[Exercise materials — start]

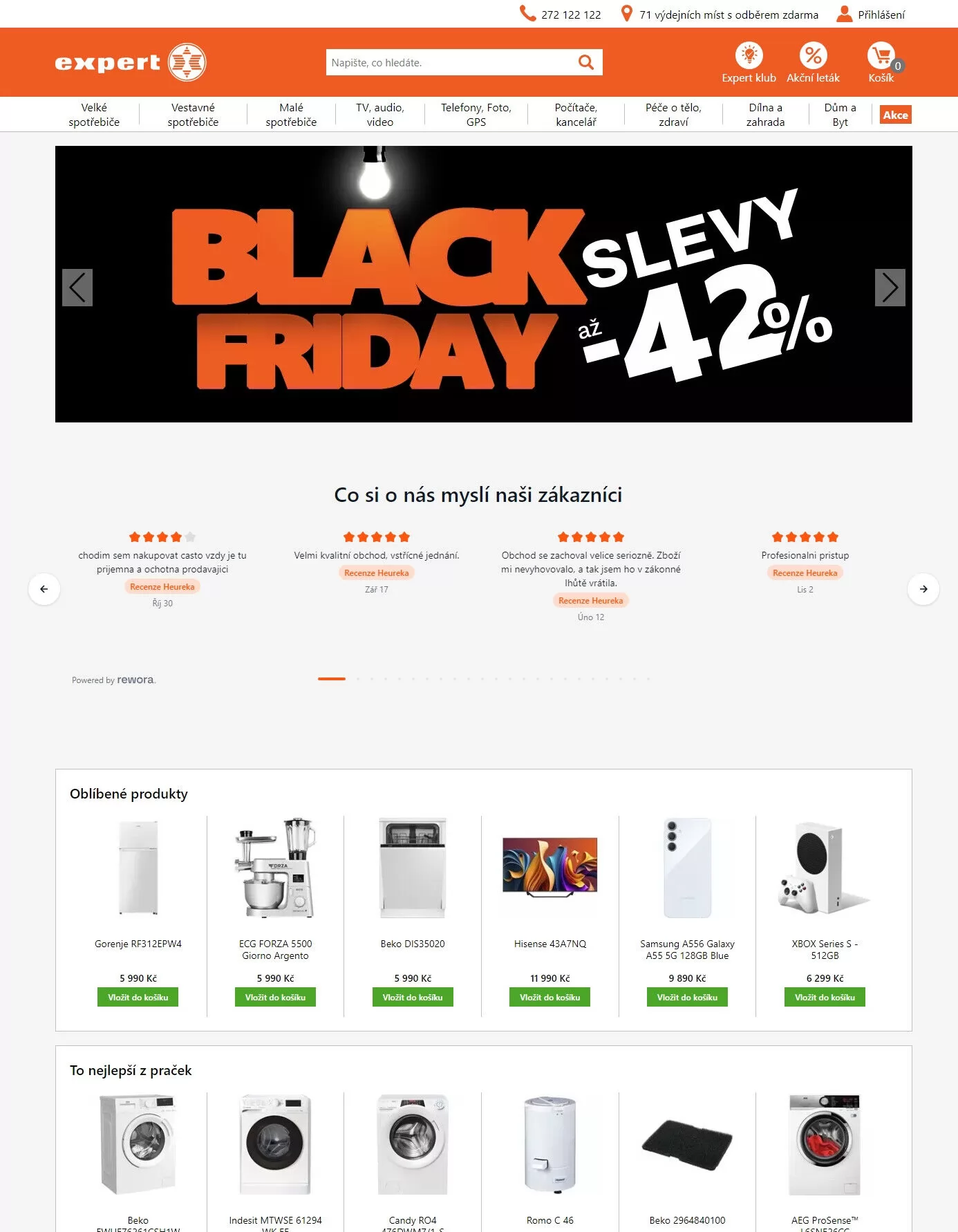V letáku obchodu Expert elektro najdete širokou nabídku spotřebičů a elektroniky. Mezi oblíbené produkty patří pračky Gorenje RZI 2EPW4 a Beko DIS35020, obě za cenu 5 990 Kč. Dále si můžete pořídit Candy R04 nebo ECG Forza 5500 Giorno Argento, také za 5 990 Kč.
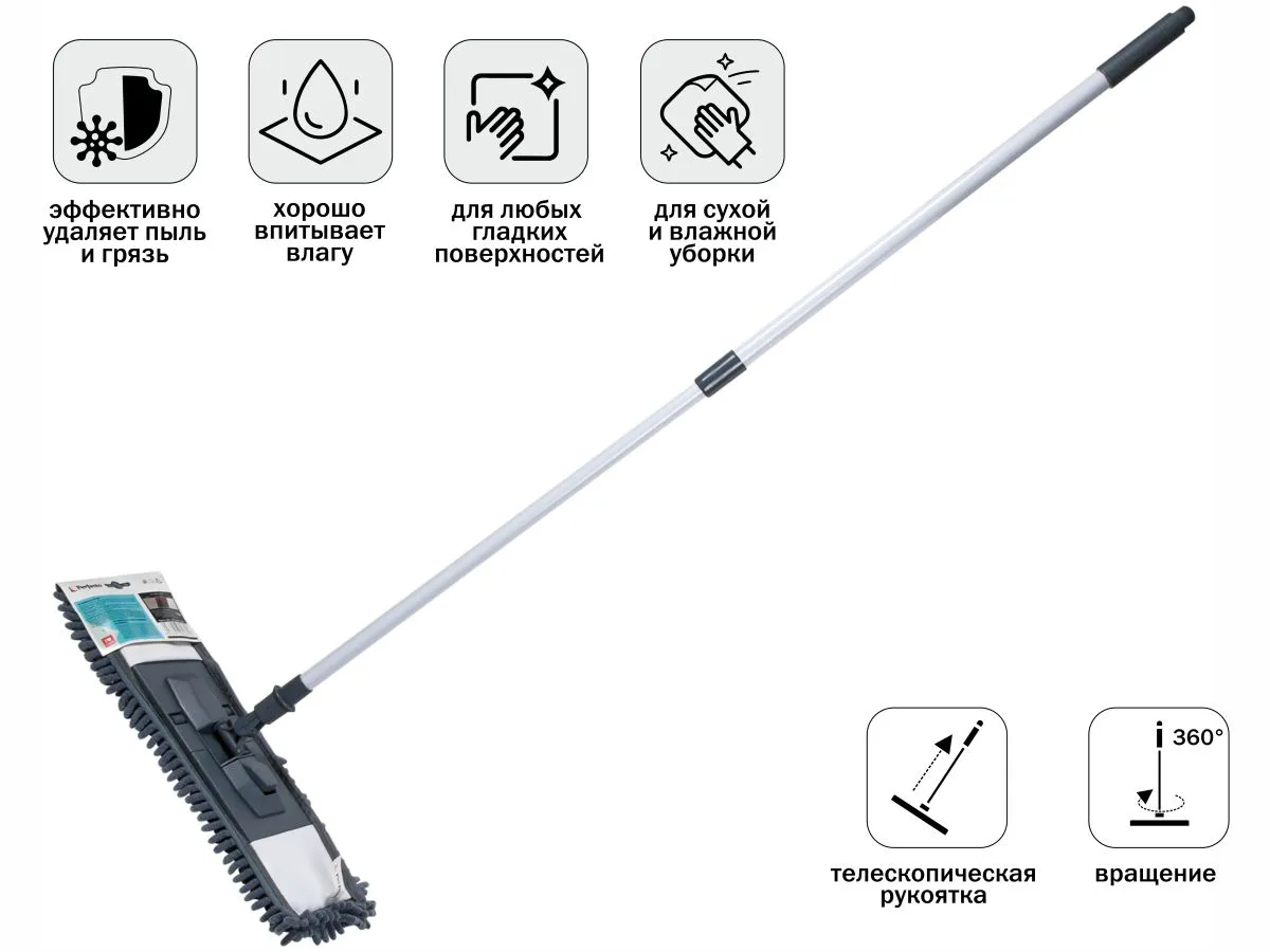 Швабра с практичной ножной педалью. Способна вращаться 360 для удобного использования. Предназначена для сухой и влажной уборки гладких поверхностей (пола, стен, потолков). Идеально подходит для мытья линолеума, паркета, ламината, кафеля. Более гигиенично собирает и удерживает пыль, грязь,жидкость.
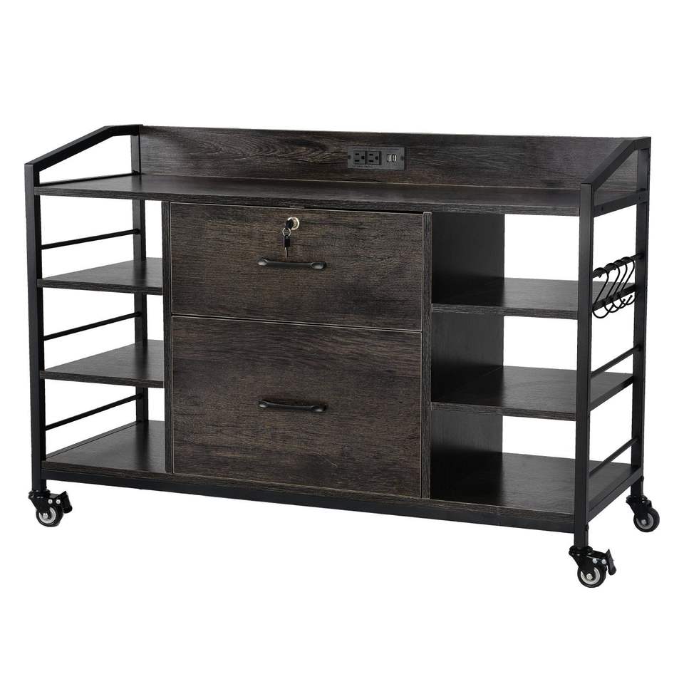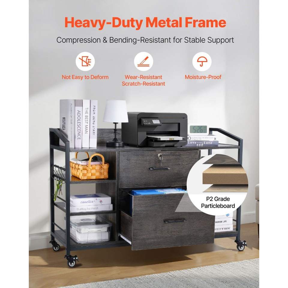 Armadio Archivio in Metallo a 2 Cassetti con Serratura, 6 Ripiani Aperti, Mobile per Archiviazione in Legno, Armadio Laterale con 6 Ripiani Aperti
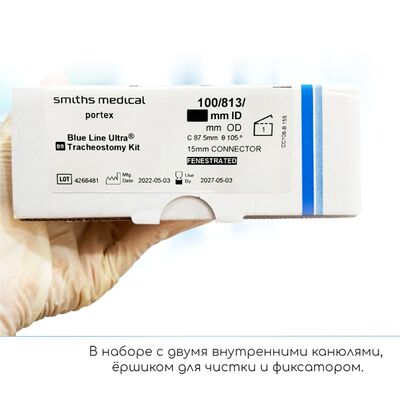 Одна дополнительная канюля фенестрированная, другая без отверстий. Их использование и регулярная чистка с помощью гигиенического ершика снижают частоту замены трубки и риск развития окклюзии.
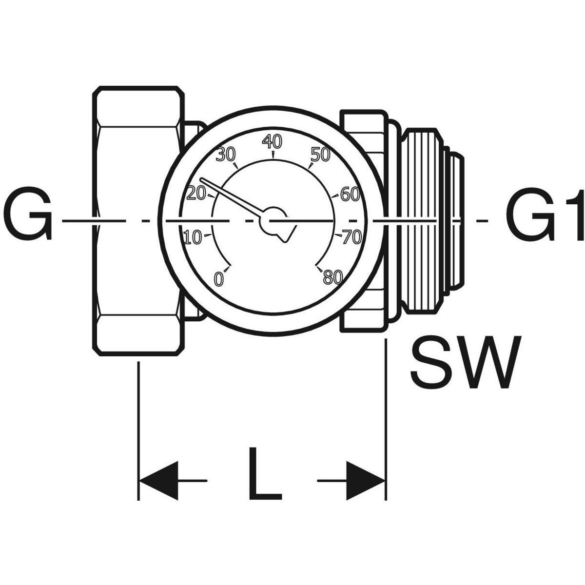 Nypel gwintowany Geberit z nakrętką i termometrem: G1 1/4 niklowany
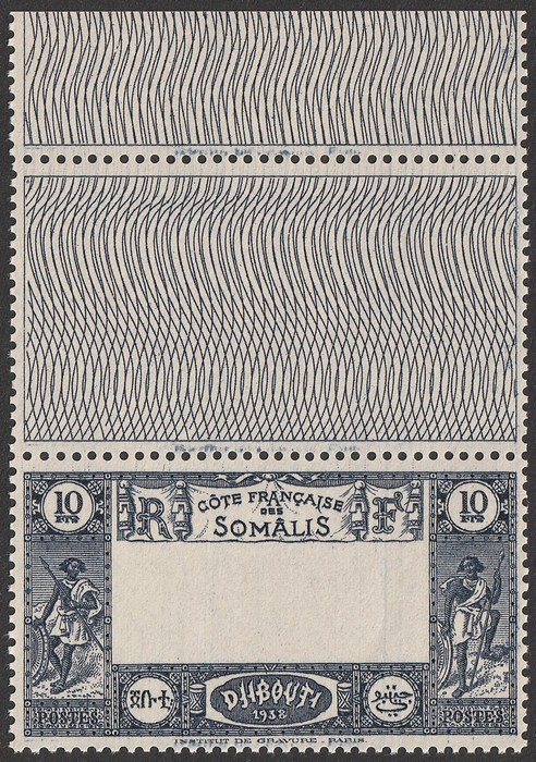 Pictorial 10Fr blue & indigo, error blue centre OMITTED. Superb fresh MNH, top marginal full stamp size tab. SG 276a cat £650 M, should be at least double, £1300 MNH. Yv 168a cat €930+. Probably only 1 sheet existed with 1 row of
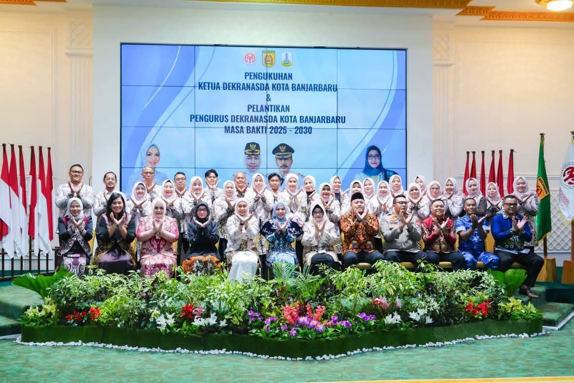 Ketua TP PKK Tapin Yang Juga Ketua Dekranasda Tapin Ibu Hj. Faridah Yamani saat Menghadiri Pengukuha...
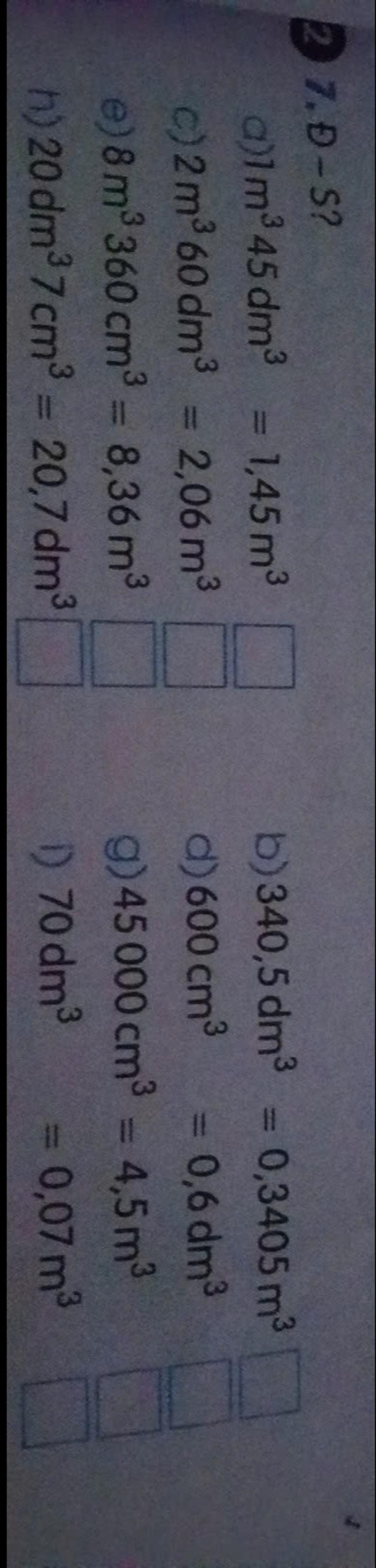 h) 20$dm^{3}$ 7$cm^{3}$ = 20,007 $dm^{3}$ NÊN h) Sai

[Exercise materials — finish]

*Task to complete*:
Print all records word for word, no images.

*Exercise output*:
V letáku obchodu Expert elektro najdete širokou nabídku spotřebičů a elektroniky. Mezi oblíbené produkty patří pračky Gorenje RZI 2EPW4 a Beko DIS35020, obě za cenu 5 990 Kč. Dále si můžete pořídit Candy R04 nebo ECG Forza 5500 Giorno Argento, také za 5 990 Kč.
 Швабра с практичной ножной педалью. Способна вращаться 360 для удобного использования. Предназначена для сухой и влажной уборки гладких поверхностей (пола, стен, потолков). Идеально подходит для мытья линолеума, паркета, ламината, кафеля. Более гигиенично собирает и удерживает пыль, грязь,жидкость.
 Armadio Archivio in Metallo a 2 Cassetti con Serratura, 6 Ripiani Aperti, Mobile per Archiviazione in Legno, Armadio Laterale con 6 Ripiani Aperti
 Одна дополнительная канюля фенестрированная, другая без отверстий. Их использование и регулярная чистка с помощью гигиенического ершика снижают частоту замены трубки и риск развития окклюзии.
 Nypel gwintowany Geberit z nakrętką i termometrem: G1 1/4 niklowany
 Pictorial 10Fr blue & indigo, error blue centre OMITTED. Superb fresh MNH, top marginal full stamp size tab. SG 276a cat £650 M, should be at least double, £1300 MNH. Yv 168a cat €930+. Probably only 1 sheet existed with 1 row of
 Ketua TP PKK Tapin Yang Juga Ketua Dekranasda Tapin Ibu Hj. Faridah Yamani saat Menghadiri Pengukuha...
 h) 20$dm^{3}$ 7$cm^{3}$ = 20,007 $dm^{3}$ NÊN h) Sai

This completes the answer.